In the existing USBH_Bluetooth_Process, we replace the placeholder state variable with the new usbh_out_state and use the stored pointer to the HCI Command. Finally, when the HCI Command was sent, we need to notify the higher layer.

USBH_StatusTypeDef USBH_Bluetooth_Process(USBH_HandleTypeDef *phost){
    switch (usbh_out_state){
        case USBH_OUT_CMD:
            phost->Control.setup.b.bmRequestType = USB_H2D | USB_REQ_RECIPIENT_INTERFACE | USB_REQ_TYPE_CLASS;
            phost->Control.setup.b.bRequest = 0;
            phost->Control.setup.b.wValue.w = 0;
            phost->Control.setup.b.wIndex.w = 0U;
            phost->Control.setup.b.wLength.w = cmd_len;
            status = USBH_CtlReq(phost, (uint8_t *) cmd_packet, cmd_len);
            if (status == USBH_OK) {
                usbh_out_state = USBH_OUT_IDLE;
                // notify host stack
                (*usbh_packet_sent)();
            }
            break;
        default:
            break;
    }
}

This already lets any example start up BTstack and send the HCI Reset Command.

Bluetooth class started.
[00:00:00.936] EVT <= 6E 00 
[00:00:00.936] CMD => 03 0C 00 

Next, we’d like to receive the response properly.

HCI Events

Similar to the HCI Command state, we define a state variable for HCI Events via the Interrupt Endpoint.

static enum {
    USBH_IN_OFF,
    USBH_IN_SUBMIT_REQUEST,
    USBH_IN_POLL,
} usbh_in_state;

We now get:

Bluetooth class started.
[00:00:00.935] EVT <= 6E 00 
[00:00:00.935] CMD => 03 0C 00 
[00:00:00.936] EVT <= 6E 00 
[00:00:01.050] EVT <= 0E 04 01 03 0C 00 
[00:00:01.050] CMD => 01 10 00 
[00:00:01.051] EVT <= 6E 00 
[00:00:01.051] EVT <= 0E 0C 01 01 10 00 06 BB 22 06 0A 00 BB 22 
[00:00:01.051] LOG -- hci.c.2117: Manufacturer: 0x000a
[00:00:01.051] CMD => 14 0C 00 
[00:00:01.053] EVT <= 6E 00 
[00:00:01.055] EVT <= 0E FC 01 14 0C 00 43 53 52 38 35 31 30 20 41 31 
[00:00:01.055] LOG -- hci.c.2261: event_handler called with packet of wrong size 16, expected 254 => dropping packet

The last command is the response to HCI Read Local Name, which has a total length of 254, but the USB driver only delivers the first 16 bytes. Well, this reminds us that the packet size for the Interrupt Endpoint is also 16. Following along, if the HCI Event is received in max 16 byte chunks, how do we know that the packet is complete?
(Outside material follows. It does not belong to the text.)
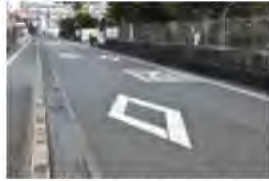
ダイヤモンドの先には横断歩道があります

In addition, both the libusb as well as the winusb drivers automatically receive complete HCI Events. We don’t know how it works exactly, but we’ve got a hunch: if an Interrupt transfer is shorter than the max, the packet is complete. If an Interrupt transfer has the maximal length, the packet might not be complete. To indicate the end of the packet, there should be a valid transfer with length zero. We’ve added a printf message to report a successful transfer with len = 0.

Nevertheless, we can still add a bit of logic to first receive the HCI Event header and then re-submit the transfer until the packet is complete. Here’s the final code to receive HCI Events:

USBH_URBStateTypeDef urb_state;
uint8_t  event_transfer_size;
uint16_t event_size;
switch (usbh_in_state){
    case USBH_IN_SUBMIT_REQUEST:
        event_transfer_size = btstack_min( usb->event_in_len, sizeof(hci_event) - hci_event_offset);
        USBH_InterruptReceiveData(phost, &hci_event[hci_event_offset], event_transfer_size, usb->event_in_pipe);
        usb->event_in_frame = phost->Timer;
        usbh_in_state = USBH_IN_POLL;
        break;
    case USBH_IN_POLL:
        urb_state = USBH_LL_GetURBState(phost, usb->event_in_pipe);
        switch (urb_state){
            case USBH_URB_IDLE:
                break;
            case USBH_URB_DONE:
                usbh_in_state = USBH_IN_SUBMIT_REQUEST;
                event_transfer_size = USBH_LL_GetLastXferSize(phost, usb->event_in_pipe);
                hci_event_offset += event_transfer_size;
                if (hci_event_offset < 2) break;
                event_size = 2 + hci_event[1];
                // event complete
                if (hci_event_offset >= event_size){
                    (*usbh_packet_received)(HCI_EVENT_PACKET, hci_event, event_size);
                    hci_event_offset = 0;
                }
                break;
            default:
                log_info("URB State Event: %02x", urb_state);
                break;
        }
        if ((phost->Timer - usb->event_in_frame) > 2){
            usbh_in_state = USBH_IN_SUBMIT_REQUEST;
        }
        break;
    default:
        break;
}

With this, HCI Commands and HCI Events are working and BTstack fully starts up. Now we can run non-connecting examples, e.g. the gap_le_advertisements or the gap_inquiry example.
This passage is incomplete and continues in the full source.